Es gibt auch einige Bedenken:

  1. Das Implantieren eines Stimulators/Fremdkörpers führt zu der Möglichkeit eines technologischen Versagens.
  2. Das Implantat könnte eine MRT-Untersuchung unmöglich machen.
  3. Der stimulatorunterstützte Gang ist nicht unabhängig und sicherlich (noch) nicht normal/effizient.
  4. Der Hype, den es auslöst, lässt alle glauben, dass sie laufen können, wenn ein Stimulator implantiert wird.
  5. Vom tatsächlichen Einsatz in der klinischen Versorgung ist es noch weit entfernt. Das Programmieren dauert lange, das Programmieren ist sehr individuell und erfordert viel Wissen. Dr. Susie Harkema und Dr. Reggie Edgerton, die leitenden Wissenschaftler bei jedem Artikel, arbeiten seit vielen Jahren auf dem Gebiet des Gangtrainings!

Die Fallberichte sind relevanter für die Tatsache, dass es jetzt eine Methode gibt, mit der sinnvolle verbleibende Gehirn-Rückenmarks-Verbindungen freigelegt und verwendet werden können, und sie weisen auf die absolute Notwendigkeit hin, sich einer umfassenden, gut konzipierten, sinnvollen, auf Aktivitäten basierenden Rehabilitation zu unterziehen Eingriffe."

Angeli CA, Boakye M, Morton RA et al.

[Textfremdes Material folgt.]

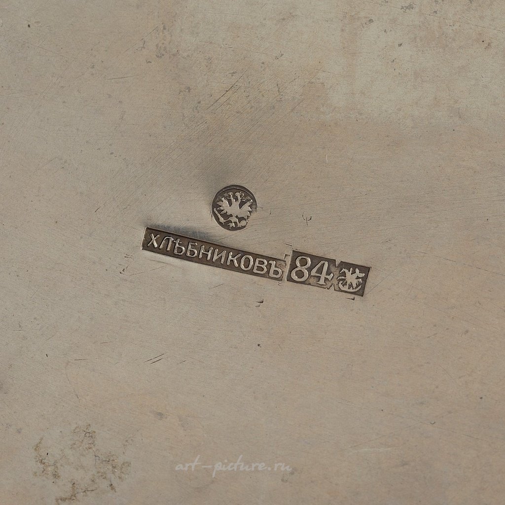 Русская серебряная чайная шкатулка. Моделирована по образцу луковой главы с изображением завитков листвы на пунктированном фоне. Внутренняя часть покрыта серебряной позолотой, а крышка с пробкой имеет ручку-кольцо для открывания. Внешняя крышка снимается. Под днищем имеются следующие отметки: мастерская Ивана Хлебникова (Москва, 1867-1871); гербовая печать Императорского двора; серебряная проба 84 золотника. Крышка и крышечка имеют отметку 84 золотника.
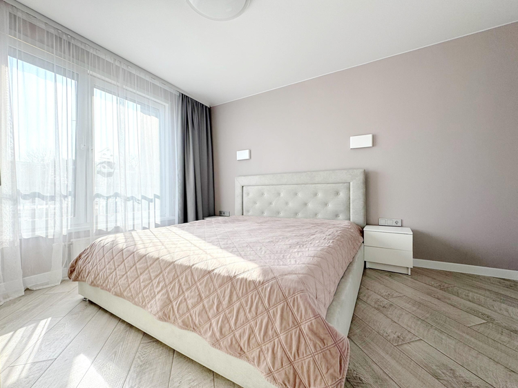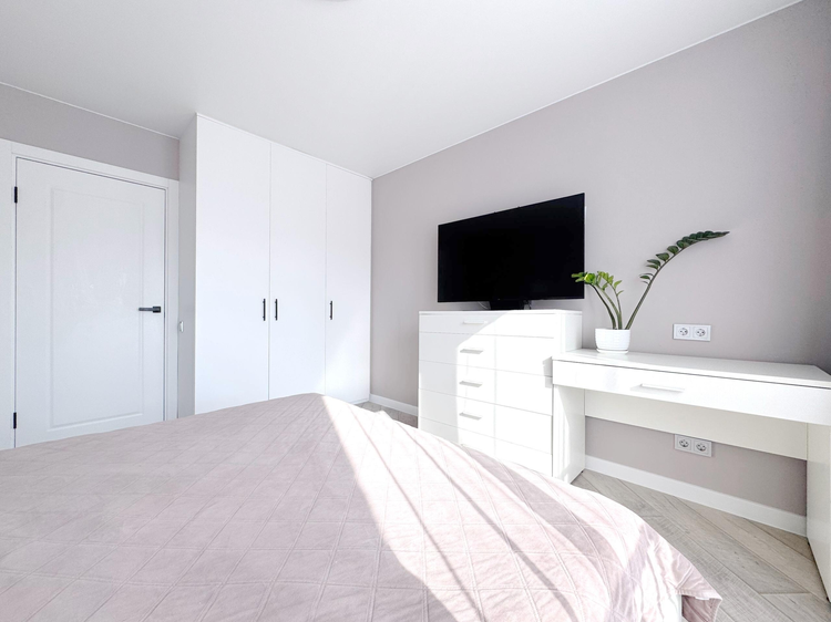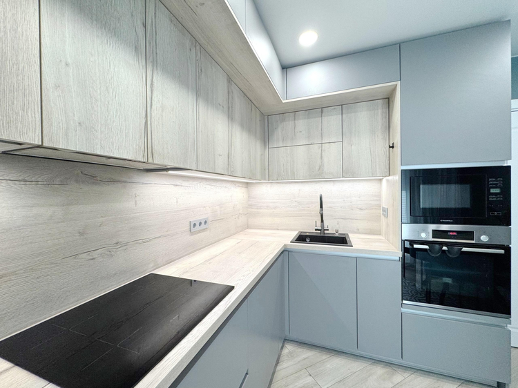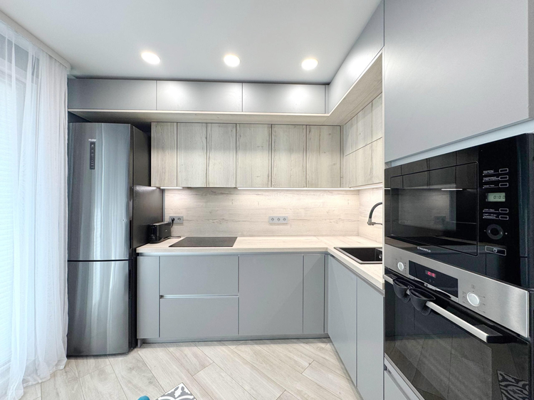 · Кухня премиум-класса: Гарнитур с фасадами Egger и механизмами Blum. Техника: индукционная панель Bosch, духовой шкаф Bosch, посудомоечная машина Siemens, микроволновка Maunfeld и холодильник Hailer.

Wiederherstellung des Gehens über dem Boden nach chronischer motorischer vollständiger Rückenmarksverletzung. N Engl J Med. 2018;379(13):1244-1250.

Gill ML, Grahn PJ, Calvert JS et al. Die Neuromodulation lumbosakraler spinaler Netzwerke ermöglicht ein unabhängiges Treten nach vollständiger Querschnittslähmung. Nat Med. 2018. September 24.